The physical and cellular mechanism of structural color change in zebrafish

Article

Gur, Dvir; Moore, Andrew S.; Deis, Rachael; Song, Pang; Wu, Xufeng; Pinkas, Iddo; Deo, Claire; Iyer, Nirmala; Hess, Harald F.; Hammer, John A.; Lippincott-Schwartz, Jennifer

Weizmann Institute of Science; Howard Hughes Medical Institute; National Institutes of Health (NIH) - USA; NIH National Heart Lung & Blood Institute (NHLBI); Weizmann Institute of Science

PROCEEDINGS OF THE NATIONAL ACADEMY OF SCIENCES OF THE UNITED STATES OF AMERICA

0027-9538

10.1073/pnas.2308531121

2024-06-04

Many animals exhibit remarkable colors that are produced by the constructive interference of light reflected from arrays of intracellular guanine crystals. These animals can fine - tune their crystal - based structural colors to communicate with each other, regulate body temperature, and create camouflage. While it is known that these changes in color are caused by changes in the angle of the crystal arrays relative to incident light, the cellular machinery that drives color change is not understood.

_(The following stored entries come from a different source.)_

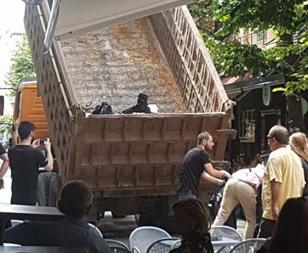 Έτσι, το μεσημέρι της Πέμπτης, έκπληκτοι Λαρισαίοι είδαν ένα φορτηγό να γεμίζει με σακούλες σκουπιδιών, τις οποίες μάζευαν υπάλληλοι καφέ.
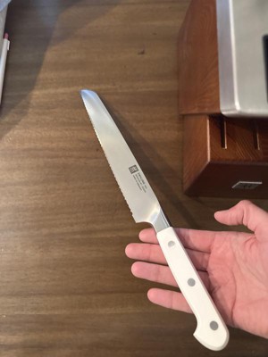Introducing an elegant new color for ZWILLING ProNow, ZWILLING Pro, the most user-friendly knife on the market, is available with elegant matte white handles. Introducing ZWILLING Pro Le Blanc. The Pro Le Blanc line is available in a variety of knife shapes, including the ever useful 4-inch paring knife and the “workhorse of the kitchen,” the 8-inch chef’s knife. Additionally, it can be purchased in two stocked knife blocks, one with self-sharpening slots. The Pro Le Blanc line also conveniently comes in our smaller, lighter design for the 7-inch chef’s and 7-inch santoku. Pro Le Blanc Slim knives
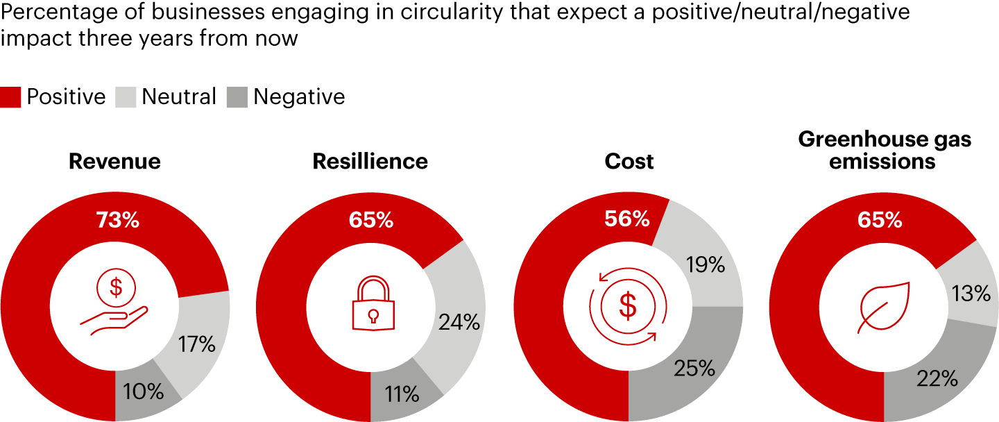 • Some 65% of businesses expect circular solutions to improve their resilience.
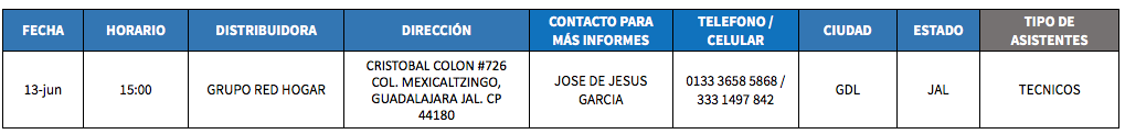 Si eres técnico te invitamos nuestro evento este jueves 13 de junio en punto de las 15:00 hrs en Guadalajara, Jalisco. ¡Te esperamos!
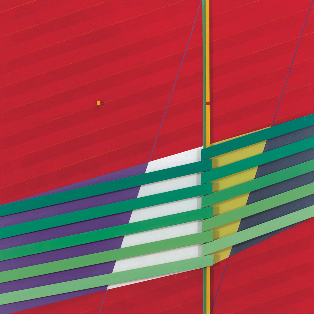 LORENZO PIEMONTI Carate Brianza (Mi) 26/04/1935 Cromoplastico, 2006 acrilici su tela e rilievi in legno cm. 100x100, firma, anno, timbro ed etichetta dell'artista al retro, dichiarazione d'autenticità e archivio dell'artista su foto, entro teca in plexiglass.
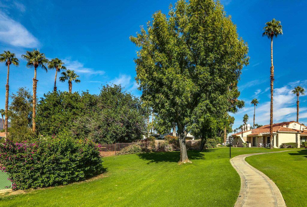 Welcome to the perfect location in Palm Springs with the walk-out views of this deluxe 2 bedroom condo at Mesquite Country Club.
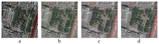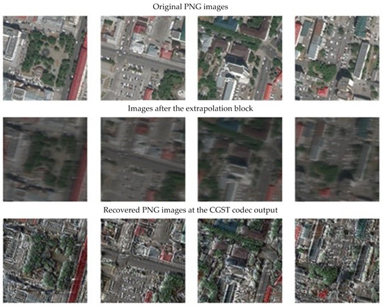 The field of effective image compression is a current area of research, especially in satellite remote sensing systems [48]. These systems face the challenge of providing energy efficiency. Therefore, we tested the effectiveness of the CGST performance on images from the satellite remote sensing system. For this, we obtained data using the free navigation program SASGIS. This program enables the download of satellite images of the Earth’s surface from various online mapping services. We chose Yandex Maps, which acquires images from Ikonos, QuickBird, and WorldView2 satellites. We compiled a dataset of 200 PNG images each with a resolution of 128 × 128 pixels that covered Ufa city (Russia, Republic of Bashkortostan) [49].
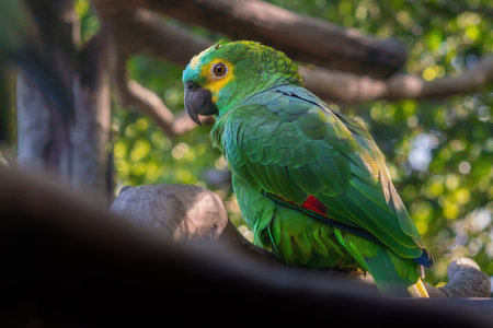 Green parrot sits on a branch, Brazil Foz do Iguazu. With selective focus
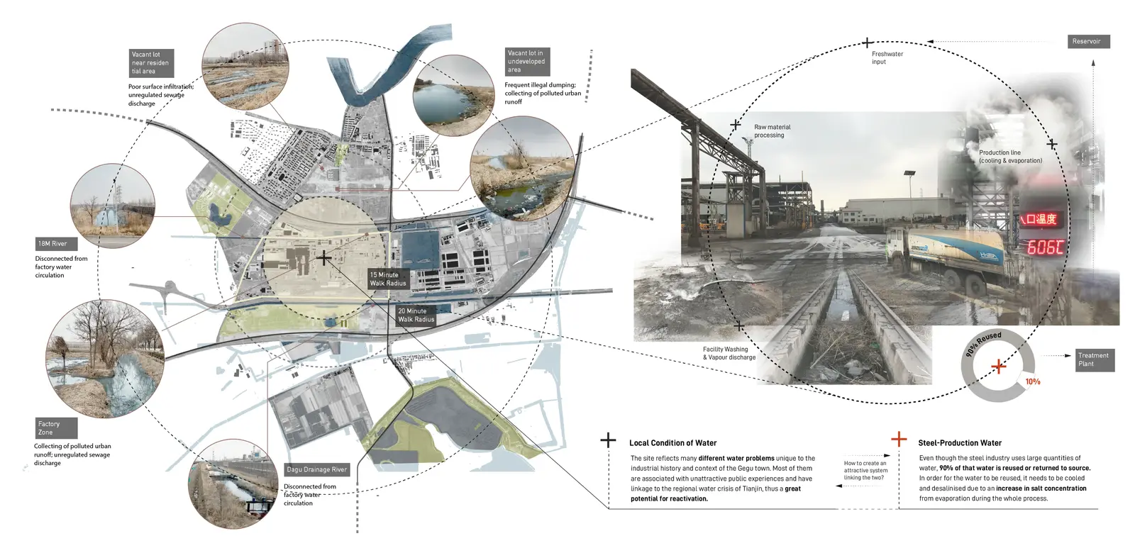 Tianjin, as the port city with an ongoing legacy of coastal trades and industries, is now facing severe hydrological problems: the scarcity, accelerating upstream pollution, and high groundwater salinity. Situated in such context, compounded by its unique industrial heritage now threatened by the top-down land-use&relocation policy, the town of Gegu with Rockcheck Steel Plant as its biggest manufacturer urges a resilient framework to both honor its cultural identity as an industrial powerhouse and restore a healthy link between the people and water.

Here, using a combination of 3D focused ion beam scanning electron microscopy (FIB - SEM), micro - focused X - ray diffraction, superresolution fluorescence light microscopy, and pharmacological perturbations, we characterized the dynamics and 3D cellular reorganization of crystal arrays within zebrafish iridophores during norepinephrine (NE) - induced color change. We found that color change results from a coordinated 20 degrees tilting of the intracellular crystals, which alters both crystal packing and the angle at which impinging light hits the crystals. Importantly, addition of the dynein inhibitor dynapyrazole - a completely blocked this NE - induced red shift by hindering crystal dynamics upon NE addition. FIB - SEM and microtubule organizing center (MTOC) mapping showed that microtubules arise from two MTOCs located near the poles of the iridophore and run parallel to, and in between, individual crystals. This suggests that dynein drives crystal angle change in response to NE by binding to the limiting membrane surrounding individual crystals and walking toward microtubule minus ends. Finally, we found that intracellular cAMP regulates the color change process. Together, our results provide mechanistic insight into the cellular machinery that drives structural color change.